What is the probability that when we roll 5 fair 6-sided dice, at most 4 of the will show 1?

Answer 1

tried this ? or have any idea on how we can approach ?

Answer 2

atmost 4 will show 1
= (one dice will show 1, others will NOT show 1) OR (two will show 1, others will NOT show 1) OR (three dice will show 1, others will NOT show 1) OR (four dice will show 1, the 5th will NOT show 1)

got this ?
any cases i left out ?

Answer 3

oh i left out that NONE of the dice will show 1 :P
include this too

Answer 4

and if you got that try to find the individual probabilities , if you find it difficult, let me know :)

Answer 5

Thanks, so we're just choosing a certain number of dice to be 1, right?

Answer 6

yeah, i used the logic that atmost 4 = 0 or 1 or 2 or 3 or 4
now we need individual probabilities,
"one dice will show 1 AND others will NOT show 1"

know whats the probability that a dice will show 1 ??
and NOT show 1 ?

Answer 7

Hmm..so for the first case we can just do 5C1 to be heads, because the others will automatically be a different number.
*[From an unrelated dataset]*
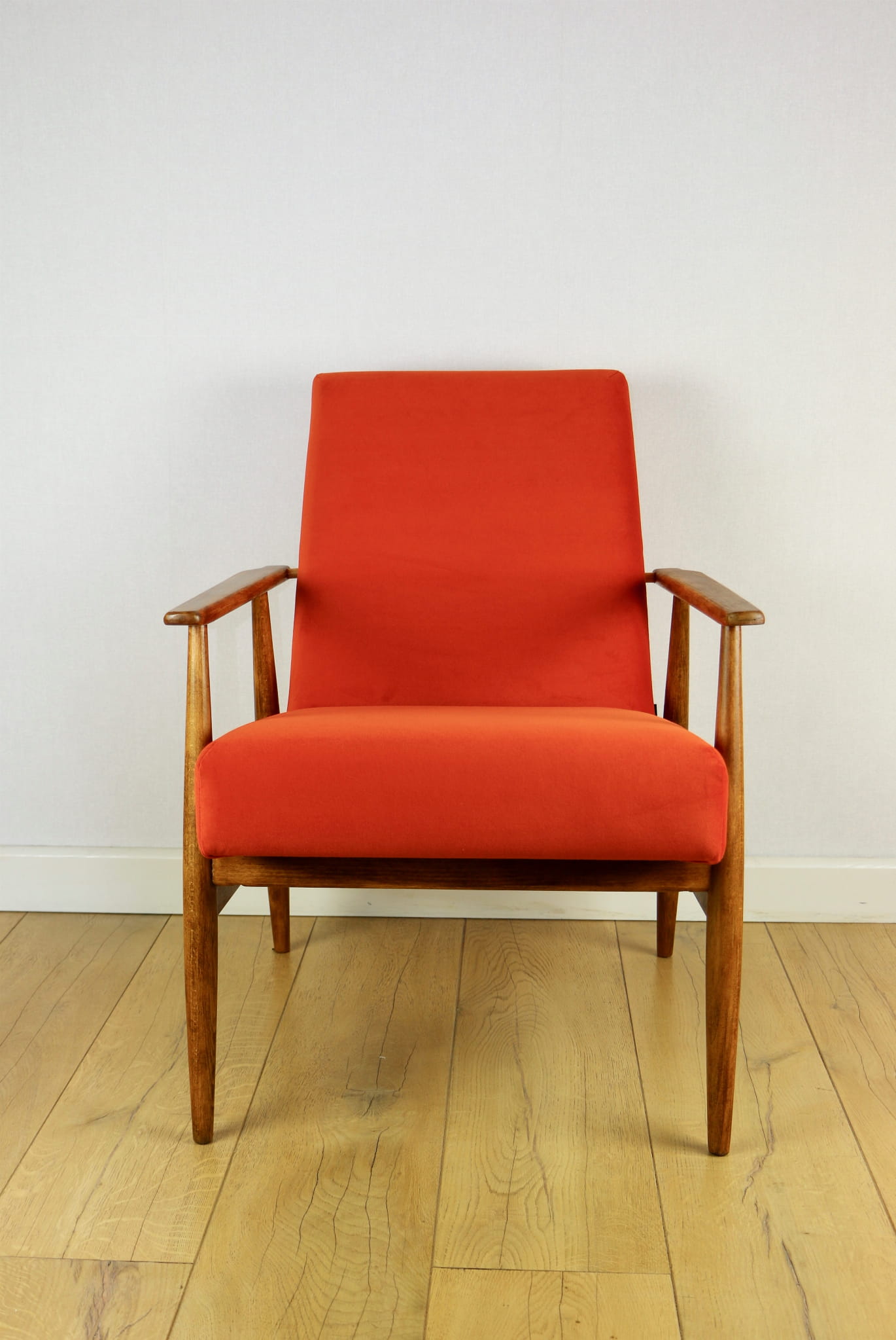 Odrestaurowany fotel Henryka Lis-a z roku 1970, nowe welwetowe obicie w kolorze pomarańczowym. Stelaż drewniany połączony z podłokietnikami w ciemnej kolorystyce drewna.

So would the probability for the first case be 5C1/6^5?

Answer 8

yes! its correct :)
here's the split :
(1/6)*(1/6)*(1/6)*(1/6)*(5/6)

the 1st 4 1/6 for getting 1,
and last 5/6 for getting 2,3,4, 5,6

so, similarly find probab. for other cases and just add them, as they are independent

Answer 9

Thanks, you're a genius :)

Answer 10

lo, not actually but thanks for the compliment :)
welcome ^_^

Answer 11

I would use the complement

Answer 12

atleast = 1- none
atmost = 1- ..... ?? what ?

Answer 13

at most 4 is 0,1,2,3,4

so (at most 4)' is 5

Answer 14

1-P( all five will be 1)

Answer 15

Oh, wow, that seems like the quicker way to solve the problem. Good thinking!